If you are designing a machine and you get to motors, the first thing you should do is calculate the power you need. Never buy a motor (stepper or sevro) first and then figure out if it will fit what you need. That is the sign of an amateur or hack.

Motors are motors. They couple power to your mechanism and power is what makes things happen. The choice of a motor comes after you know what's needed.

Power is velocity times force or torque times RPM. It doesn't matter if the motors are steppers, servos or a gerbil in a spinning squirrel cage at the start.

To seperate what motor need (neglect the gerbil), is the power your mechanism needs.

Rule #1: If you need 100 Watts or less, use a step motor.
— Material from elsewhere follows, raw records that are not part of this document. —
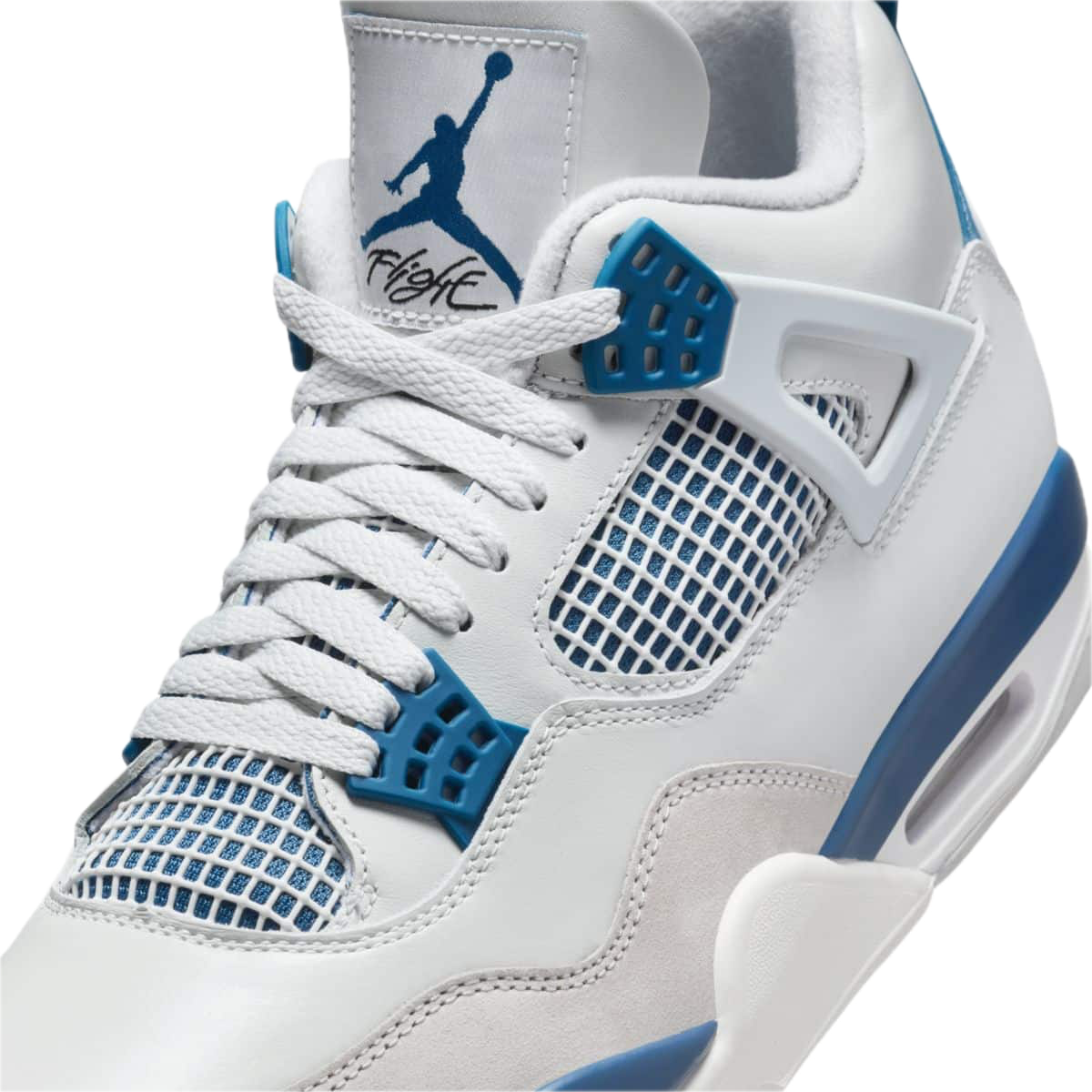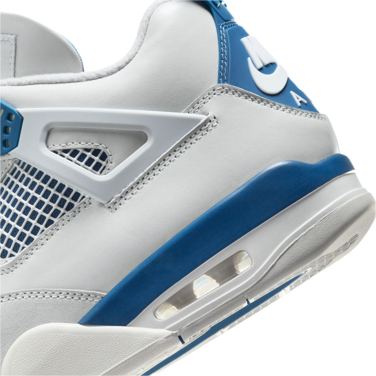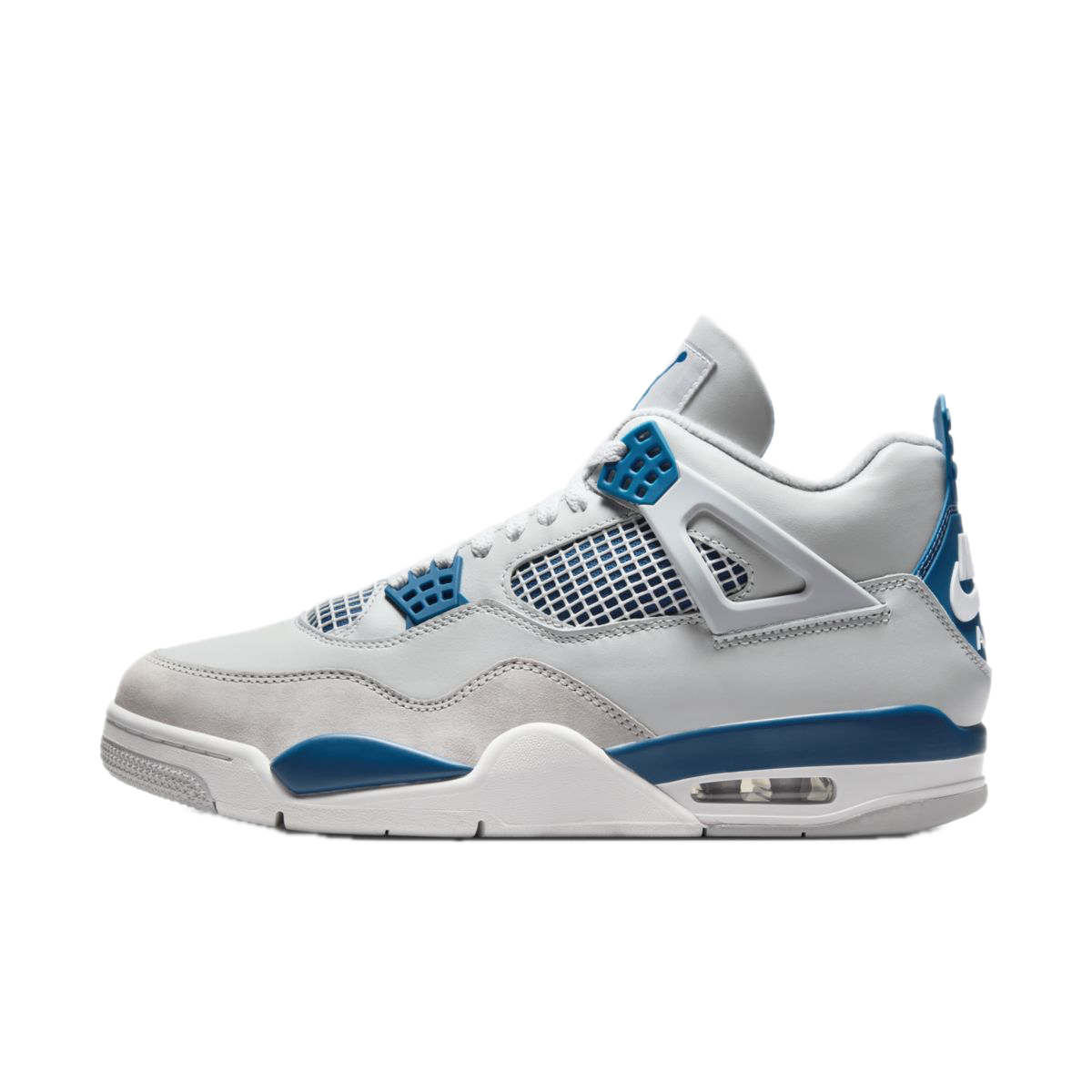 Czysta biała cholewka została zestawiona z charakterystycznymi akcentami Military Blue oraz szarymi, „cementowymi” detalami. Klasyczna paleta barw podkreśla ikoniczną konstrukcję AJ4, tworząc świeży, sportowy wygląd, który pozostaje aktualny niezależnie od trendów.
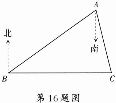 16. (8 分) 如图, $ B $ 处在 $ A $ 处的南偏西 $ 60^{\circ} $ 方向, $ C $ 处在 $ A $ 处的南偏东 $ 15^{\circ} $ 方向, $ C $ 处在 $ B $ 处的正东方向, 求 $ \angle ACB $ 的度数.
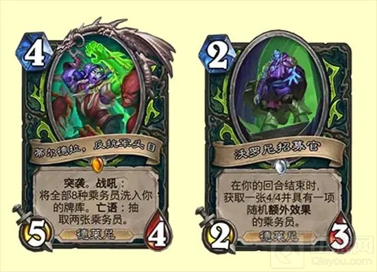 看完了削弱名单,接下来就来看加强名单吧,乘务员瞎的沃罗尼招募官从1/3加强到2/3,蒂尔德拉则是亡语改成了抽两张乘务员,沃罗尼招募官的加强不痛不痒,其实更希望沃罗尼加生命值让他能更容易站住给更多的乘务员,而不是指望他去换怪,蒂尔德拉的加强比较关键,因为橙卡亡语洗到牌库里其实算是污染自己的牌库,亡语能抽两张的话至少也算是能组成一个乘务员组了,可惜的是乘务员费用没有降低,不知道橙卡的这一点加强能让乘务员瞎变强多少。
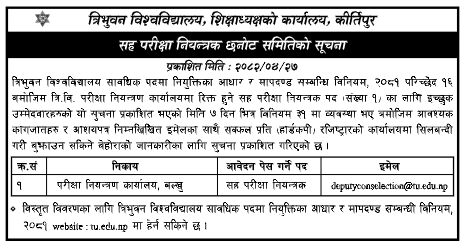 Tribhuvan University, Office of the Rector, has announced a vacancy for the position of Deputy Controller of Examinations in the Office of the Controller of Examinations under the university as per Chapter 16 of the Regulations on the Basis and Criteria for Appointment to Fixed-Term Posts of Tribhuvan University, 2081.

If you need 200 Watts or more, you must use a servo. In between, either will do.

So, how do you figure the power you need?

Method 1: You have a plasma table, wood router or some other low work-load mechanism. You have a clear idea of how many IPM you want but your'e not sure of what force you want at that speed.

Pick the weight of the heaviest item you are pushing around. If it weighs 40lbs, use 40lbs. Multiply it by the IPM you want. Say that's 1,000 IPM. Divide the result by the magic number "531". The answer is 75.3 Watts so use a step motor.

Eq: Watts = IPM * Lbs / 531

Method 2: You have a Bridgeport CNC conversion you are doing. The machine has a 5 TPI screw and you need a work feedrate of 120 IPM. 120 IPM on a 5TPI screw 5 * 120 or 600 RPM.

How about force? Not a clue? Use your machinist's experience on a manual machine. The handcrank is about 6" inches in diameter. How much force would you place on the handcranck before you figure you're not doing something right? I hear about 10 Lbs.

!0 Lbs is 160 oz, 160 oz on the end of a 3" moment-arm (6" diameter, remember?) is 480 in-oz (3 times 160) ot torque on the leadscrew.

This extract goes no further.